Dabei sollte die Wahl im Mai nach dem Willen der eingefleischten Europäer eine ganz besondere werden. Erstmals treten die Parteien mit Spitzenkandidaten an, die Europa zu einem Gesicht verhelfen sollen. Von einem Quantensprung war oft die Rede, weil der Vertrag von Lissabon die Spielregeln verändert hatte. Martin Schulz, Spitzenkandidat der europäischen Sozialdemokraten, spricht gar von einem „Meilenstein der Demokratie“.

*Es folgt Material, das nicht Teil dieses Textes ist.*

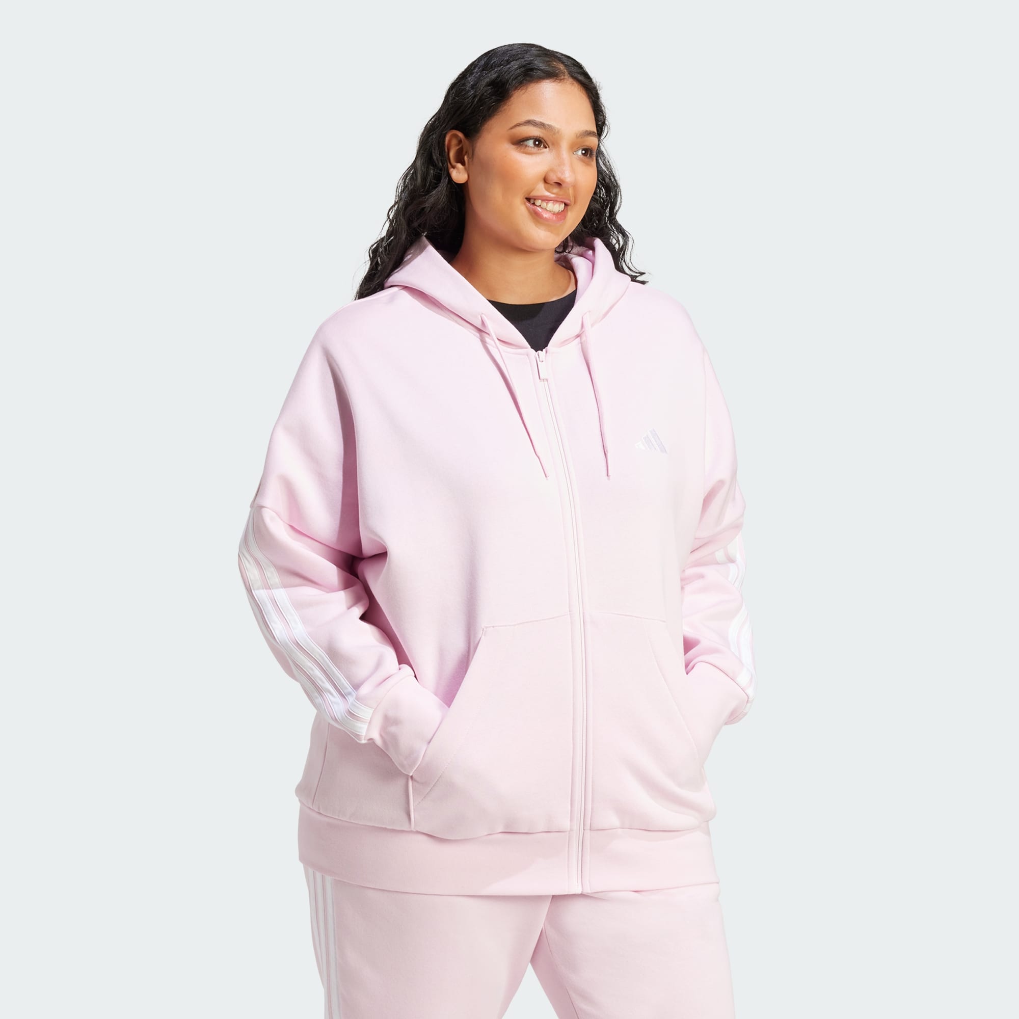 Essentials 3-Stripes Full-Zip Fleece Hoodie (Plus Size)

Die Wahl könnte nun aber aus einem anderen Grund eine ganz besondere werden: Weil es mehr als je zuvor tatsächlich um Europa gehen wird. Politologen haben für die bisherigen sieben europäischen Wahlgänge den Begriff von der „Nebenwahl“ geprägt, bei denen die Bürger nicht das Gefühl hatten, dass sie mit ihrer Stimme eine Partei an die Macht bringen. Oft haben Wähler den europäischen Urnengang genutzt, um der nationalen Regierung einen Denkzettel zu verpassen. Immer häufiger fanden die Bürger nicht einmal den Elan, überhaupt zu wählen. 2009 lag die Wahlbeteiligung in Deutschland bei gerade einmal 43 Prozent, was dem EU-Durchschnitt entsprach.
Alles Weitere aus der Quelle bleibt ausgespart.